Köln: Der Dativ ist dem Genitiv seine Tochter ihr’n Tod…
Oh Schmerz! Oder: Der Journalismus steigt noch schneller ab als die Gesellschaft.
Ein Leser hat mich gerade – Kontext: Männererweichung – auf diesen Artikel im Express hingewiesen: Passanten schauten zu Tochter von Bläck Fööss-Gitarrist brutal verprügelt
Eigentlich wollte mir der Leser damit sagen, dass inzwischen niemand mehr hilft, wenn ein kleines Mädchen verprügelt wird und um Hilfe schreit.
Für mich stellte sich angesichts der Überschrift eher die Frage: Seit wann verprügeln die Bläck Fööss eigentlich kleine Mädchen? Sollte man die jetzt boykottieren? Oder gar feministisch korrekt girlkottieren?
Doch nein. Eigentlich wollte der Express damit das Gegenteil sagen, nämlich „Tochter des Bläck Fööss-Gitarristen brutal verprügelt”, aber Genitiv schaffen die heute nicht mehr. Gab doch mal so ein schönes Buch, „Der Dativ ist dem Genitiv sein Tod”.
Und dann stellt sich auch noch raus: Das Mädchen ist 26.
Schwerpunkt Tochter? Eine 26-jährige Frau und der wesentliche Punkt ist: Wer ihr Vater ist?
Wäre es irgendwie weniger oder anders schlimm, wenn ihr Vater der Günther von der Müllabfuhr oder der Ali aus der Türkei wäre?
Und was erwarten die da? Dass die Schläger vorher fragen: Hör’ mal, ist dein Vater prominent? Ja? Gut, Du darfst durch, wir verprügeln dann die nächste.
Und was haben sie getan?
Plötzlich baut sich ein Mitglied der Gruppe vor Alica auf – und beschimpft sie sexistisch auf das Übelste.
Das nun wieder kennen wir: Hat er ihr Dirnd’l gelobt? Bekanntlich ist das das Schlimmste, was es gibt.
Danach gab’s Schläge. Sie versucht, sich in eine Kneipe zu retten – und der Wirt schmeißt sie raus. Er will keinen Ärger.

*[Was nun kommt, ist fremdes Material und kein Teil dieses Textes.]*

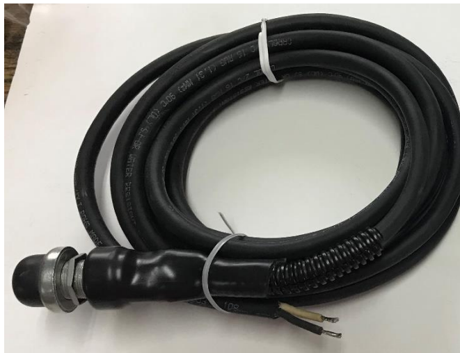
Pickup Side Push Button Wire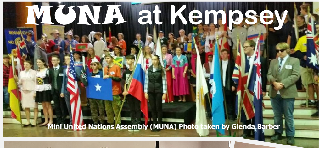
Mini United Nations Assembly (MUNA)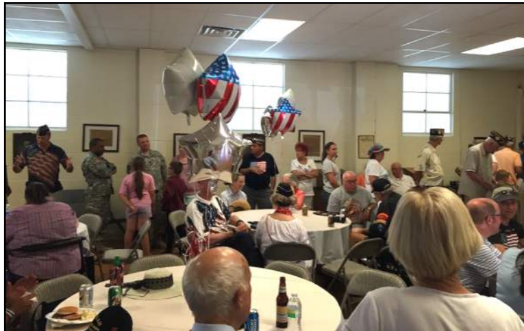
Lunch is Served!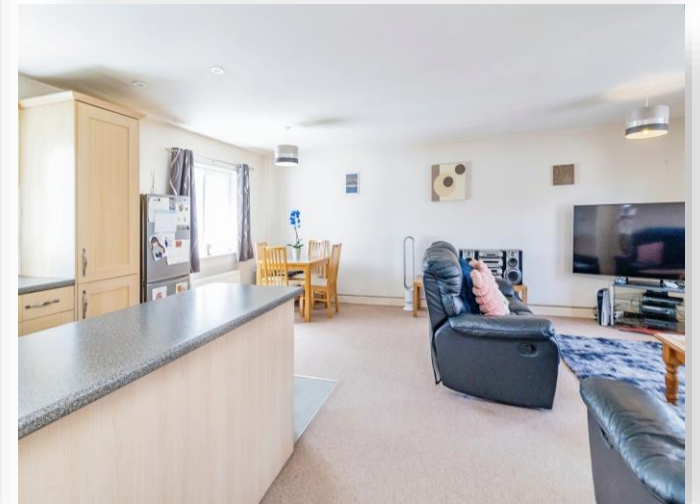
Cape End, Redhouse Park Milton Keynes MK14 5FE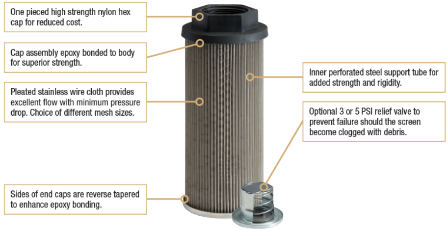
Suction (SUMP) Strainer

Ohio Fabricators Co. has been making strainers, breathers, and suction screens for over 75 years, and all of them are made here in the USA. Give us a call to see how we can help you.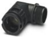
Cable gland, metric thread, IP68/69k protection, angled

Screw connection - WP-GA HF IP69K M10 BK - 3240909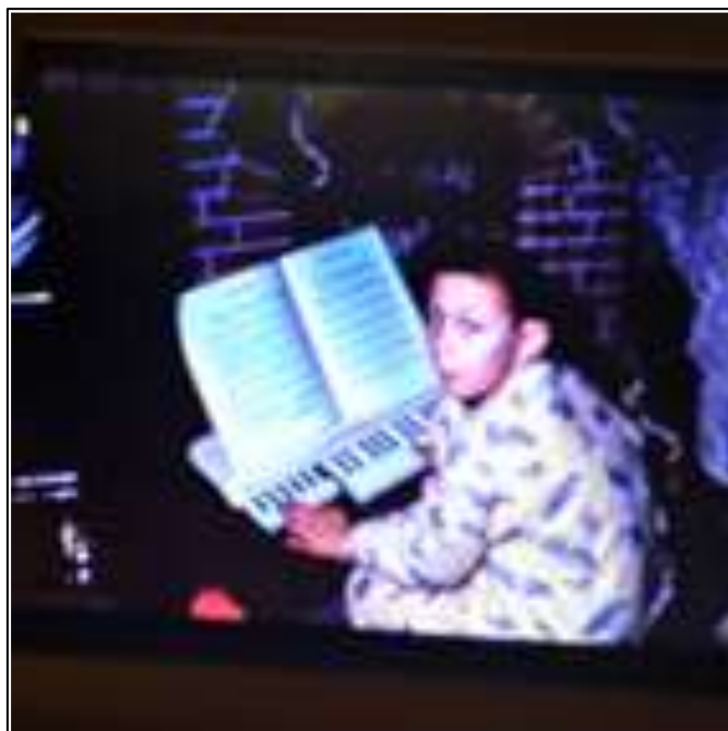
at 10 years old at the organ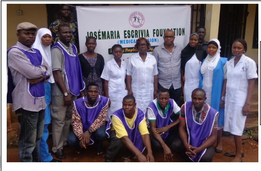
Members of JOSEf Medical Team after an intervention in Imoga, Akoko Edo LGA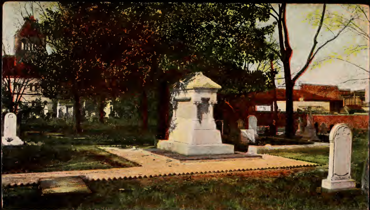
Charleston, S. C. Calhoun's Grave St. Philip's Church-yard.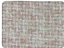
7012 SILVER NEUTRAL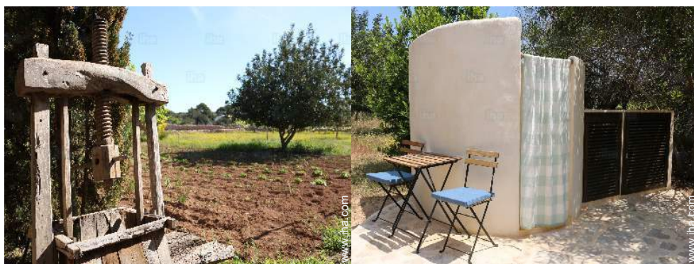
outside shower facilities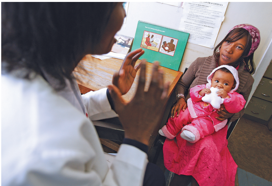
A mother and her six-month-old daughter meet with a nurse to learn more about family planning.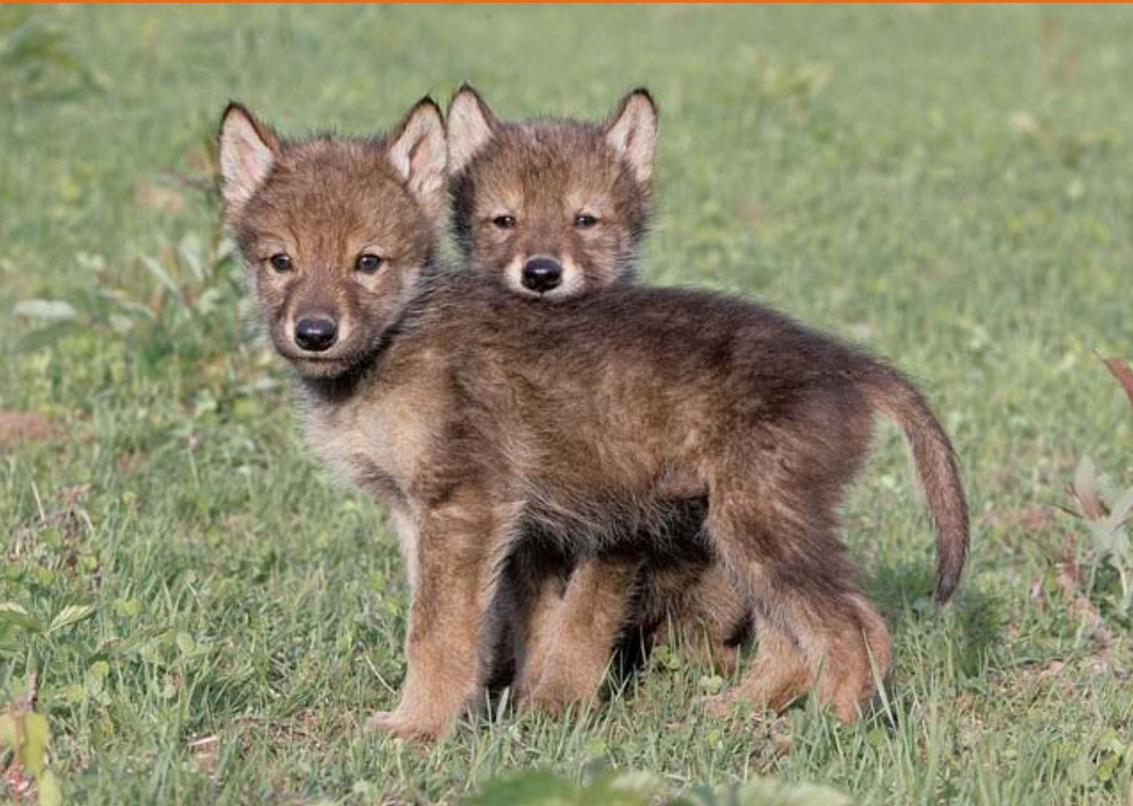
Wolf pup siblings, Minnesota

D espite the laudable success of wolf recovery efforts to date, many areas with suitable wolf habitat remain devoid of wolves today. Indeed, only a fraction of the potential that exists for restoring wolves and the ecosystems to which they belong has been met.

Warum reagiert der Wirt so?
Naja, sie sagen zwar – Pressekodex – nicht, wo die Täter herkamen (in München ringt man sich inzwischen doch durch, zu solchen Fällen die Herkunft zu erwähnen) und auch nicht deren Namen, weil man ja keine fremdenfeindliche Ressentiments schüren will, aber man gibt dem polizeibekannten Täter den Ersatznamen „Yussuf B.”.
»Yussuf« ist prima, denn der Name passt einfach auf alles, was da irgendwo aus Südosten kommt, damit kann man jedes Ressentiment bedienen, passt auf nahezu jedes aktuelle Herkunftsland von Migranten. Ein Hoch auf den Pressekodex.
Heißt aber auch: Wir wissen, warum Wirt und Zuschauer nicht geholfen haben, denn da würde ja sofort die Rassismus-Keule geschwungen. Stellt Euch vor, der Wirt hätte die Tochter, aber nicht Yussuf reingelassen. Geht ja gar nicht, dafür zahlt er Strafe und gilt als Rassist. Hätte er sie aber beide reingelassen, wäre der Kampf weitergegangen, nur eben drinnen. Spieltheoretisch betrachtet haben Wirt und Zuschauer das Einzige getan, was ihnen die Gesellschaft noch übrig gelassen hat (und da fordern sie immer Zivilcourage…).
Und was folgern wir nun daraus?
Viele fordern Deutschkurse für Flüchtlinge.
Ich fordere Deutschkurse für Journalisten.